A PDF file contains a collection of objects. When removing images, we just need to find the object and delete it.
# Open the PDF file
doc = fitz.open(pdf_file_path)
# Iterate through the pages
for page_no in range(len(doc)):
page = doc.load_page(page_no)
# Iterate through the images and delete them
img_list = page.get_images(full=True)
for img in img_list:
xref = img[0]
doc._deleteObject(xref)
# Save the changes
doc.save("images_removed.pdf", garbage=4, deflate=True, clean=True)
doc.close()
When compressing images, we need to find the images, get the image data, compress it, put it in the same place as the original image and then delete the original image.
# Open the original PDF file
doc = fitz.open(pdf_file_path)
# Iterate through the pages
for page_no in range(len(doc)):
page = doc.load_page(page_no)
# Get list of images on the page
img_list = page.get_images(full=True)
for img in img_list:
xref = img[0]
base_image = doc.extract_image(xref)
img_bytes = base_image["image"]
# Open the image using PIL
image = Image.open(io.BytesIO(img_bytes))

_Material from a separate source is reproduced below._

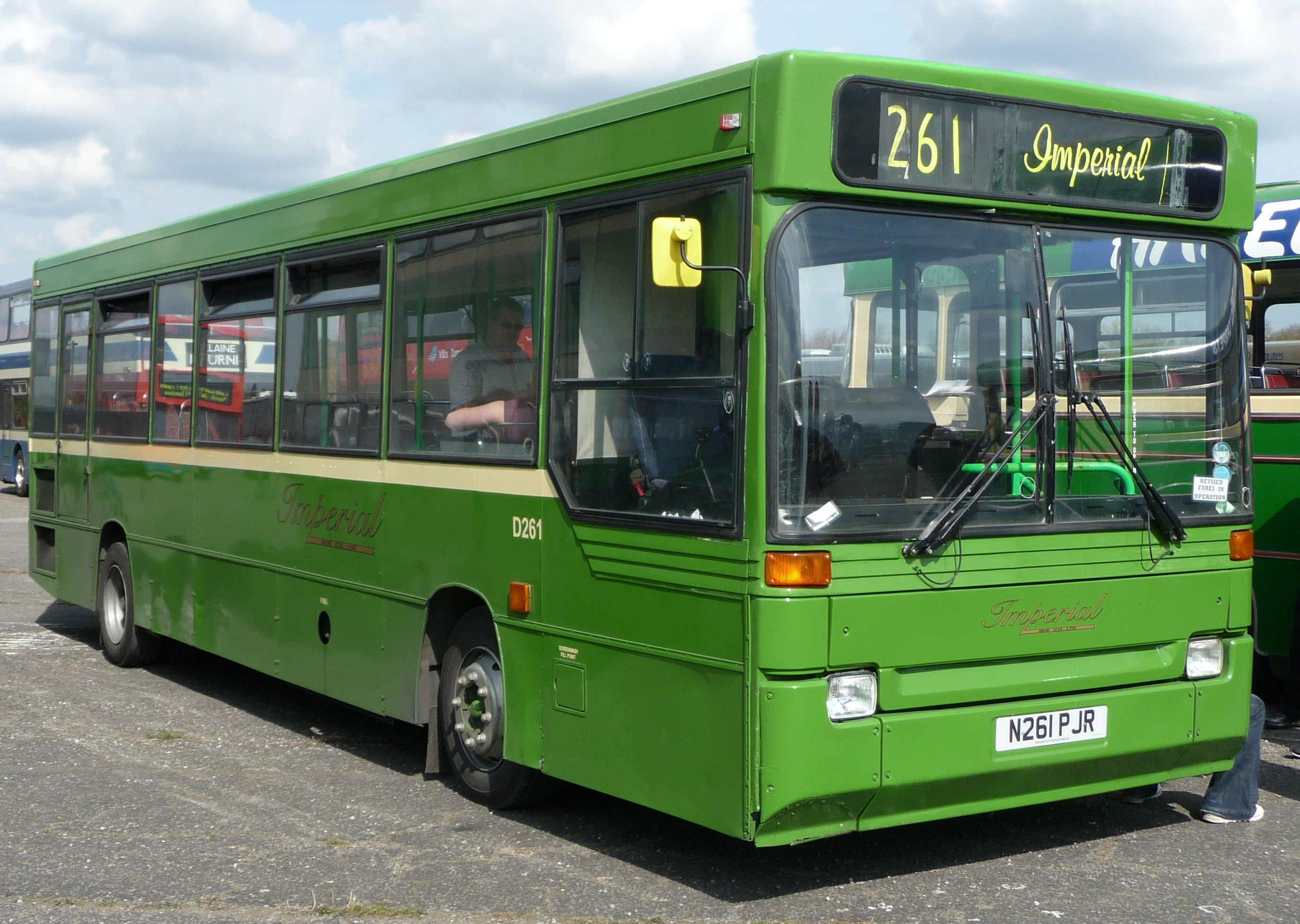 Imperial Buses' D261 (N261 PJR), a Dennis Dart/Plaxton Pointer, at the 2009 Cobham bus rally at Wisley Airfield.
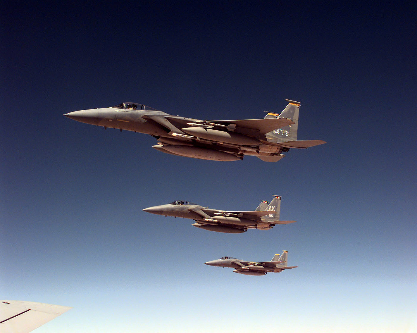 U.S. Air Force F-15C Eagles fly a routine patrol mission over Southern Iraq on April 4, 1998, in support of Operation Southern Watch. The Eagles are operating out of Prince Sultan Air Base, Saudi Arabia, and are part of the 4404th Wing (Provisional). The Eagles are deployed for Southern Watch from the 19th and 54th Fighter Squadrons, Anchorage Air Force Base, Alaska. Southern Watch is the U.S. and coalition enforcement of the no-fly-zone over Southern Iraq. DoD photo by Airman 1st Class Greg L. Davis, U.S. Air Force.

# Compress the image - adjust quality as needed
with io.BytesIO() as output:
image.save(output, format='JPEG', quality=25) # Adjust quality for higher compression
compressed_image_bytes = output.getvalue()

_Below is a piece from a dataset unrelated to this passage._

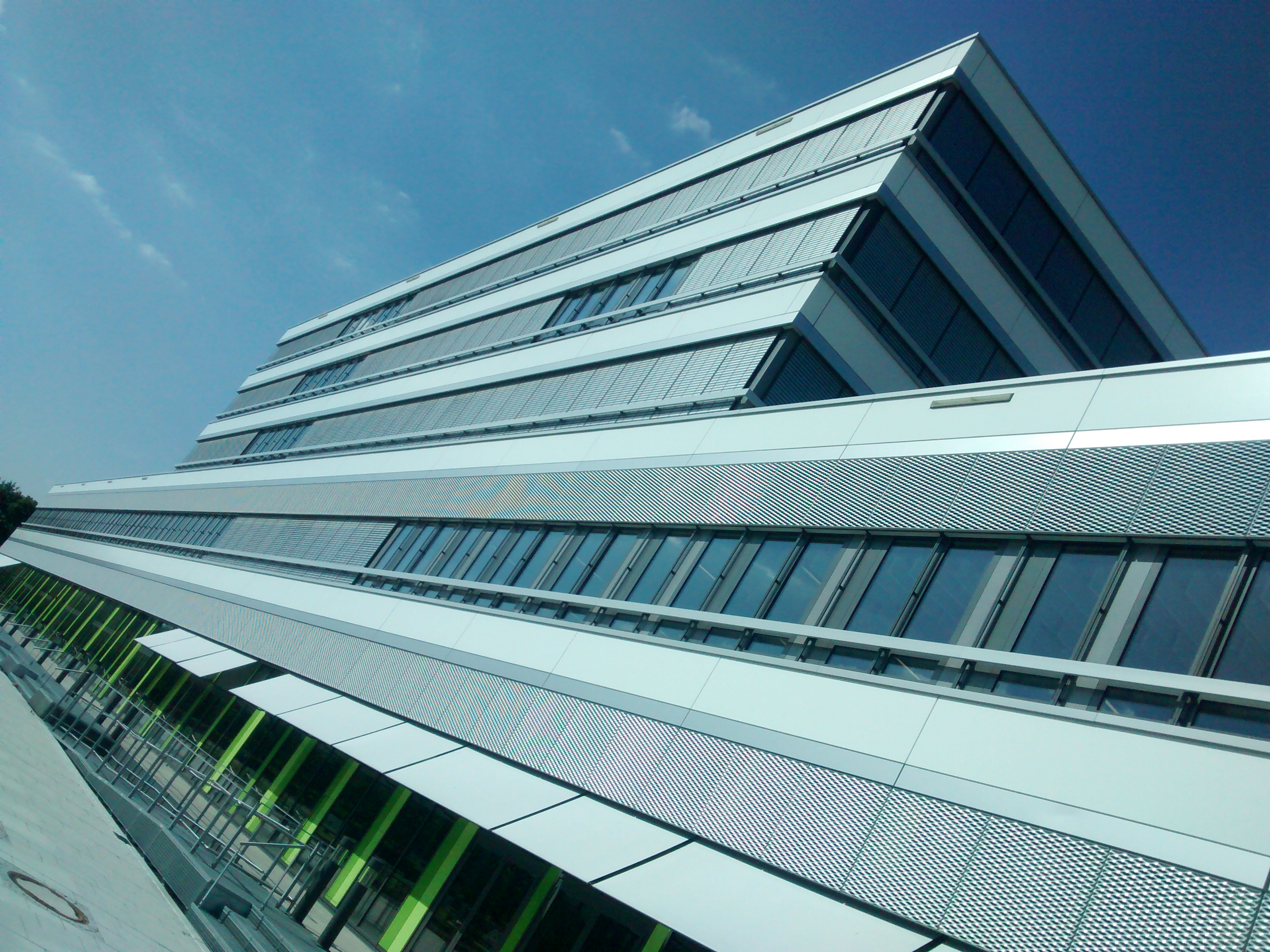 From outside, it looks like a bugfree building, but like all bigger todays operating systems, there will be plenty around.
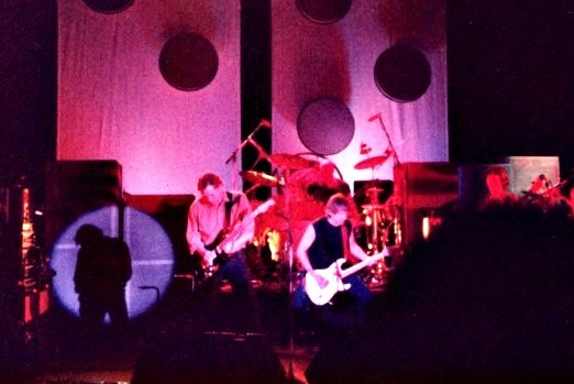 David Gilmour performing in Brussels.

# Replace the original image with the compressed one
image_rect = page.get_image_rects(xref)[0]
# Delete the original image from the PDF
doc._deleteObject(xref)
page.insert_image(rect=image_rect, stream=compressed_image_bytes)
# Save the changes to a new file
doc.save("images_compressed.pdf", garbage=4, deflate=True, clean=True)
doc.close()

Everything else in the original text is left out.